B&H Photo spokesperson Jeff Gerstel released a statement today in response to the lawsuit filed by New York Attorney General Letitia James last week alleging the New York City retailer knowingly failed to pay sales tax on millions in receipts from manufacturers tied to instant rebates.

Text of the statement follows:

The Attorney General is trying to create a new tax on discounts to make New Yorkers pay more. The Attorney General wants consumers to pay sale tax for what they actually pay plus an additional tax on discounts they receive. This makes no sense and there is no law that requires consumers to pay this tax on discounts.

These claims are without merit; the entire consumer electronics retail industry takes the identical approach that we do.
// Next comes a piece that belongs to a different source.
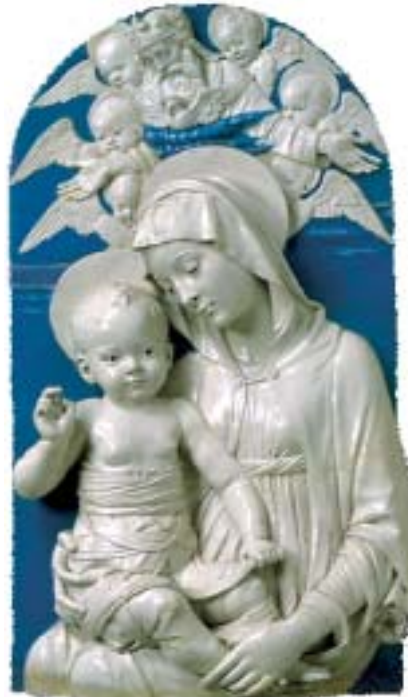
Andrea della Robbia: Mária és gyermeke

Ha szűk szoba: hadd legyen szűk szoba. A szűk szobában is terem öröm, Gyúl apró gyertya ínség idején, Oh csak ne legyen sorsom bús közöny, Oh csak legyek a fény forrása én, Apró gyermekek bálványozott fája, Én az idegen, én a jövevény, Égő fenyőfa, égő áldozat, Akit az Isten ősi otthonából Emberek örömeire elhozat. Csak rajzolódjék mélabús árnyékomból Imbolyogjon a szűk szobák falán, Minddegy, hogy mi lesz velem azután.

B&H has done nothing wrong and it is outrageous that the Attorney General is attacking a New York company that employs thousands of New Yorkers while leaving the national online and retail behemoths unchallenged. The Attorney General wants to charge New Yorkers a tax on money they never spent. It's wrong and we won't be bullied. We will fight these allegations aggressively.

B&H is not a big box store or a faceless chain; we are a New York institution, having operated here for nearly 50 years with a stellar reputation. The New York State Department of Taxation and Finance has done countless audits and never once -- not a single time -- mentioned any issue with this widespread retail industry practice.

The Attorney General's investigation and subsequent lawsuit arose from a qui tam lawsuit filed under seal by a whistleblower. The press release announcing the law suit claimed:

Today's lawsuit, filed in New York State Supreme Court, concerns B&H's failure to pay taxes on "instant rebates," which are point-of-sale discounts the company offers its customers, for which it receives reimbursement from manufacturers. While these arrangements are subject to New York State sales tax, B&H never paid that tax, despite its repeated and explicit acknowledgements -- internally, to outside vendors and externally, to a competitor -- that under New York tax law, it owed sales tax on these reimbursements. The lawsuit alleges B&H violated the state's Tax Law and the New York False Claims Act. Attorney General James is seeking treble damages, penalties and interest to redress these violations.

The case is being handled by Assistant Attorney General Laura Jereski of the Taxpayer Protection Bureau with the support of senior legal support analyst Bianca LaVeglia.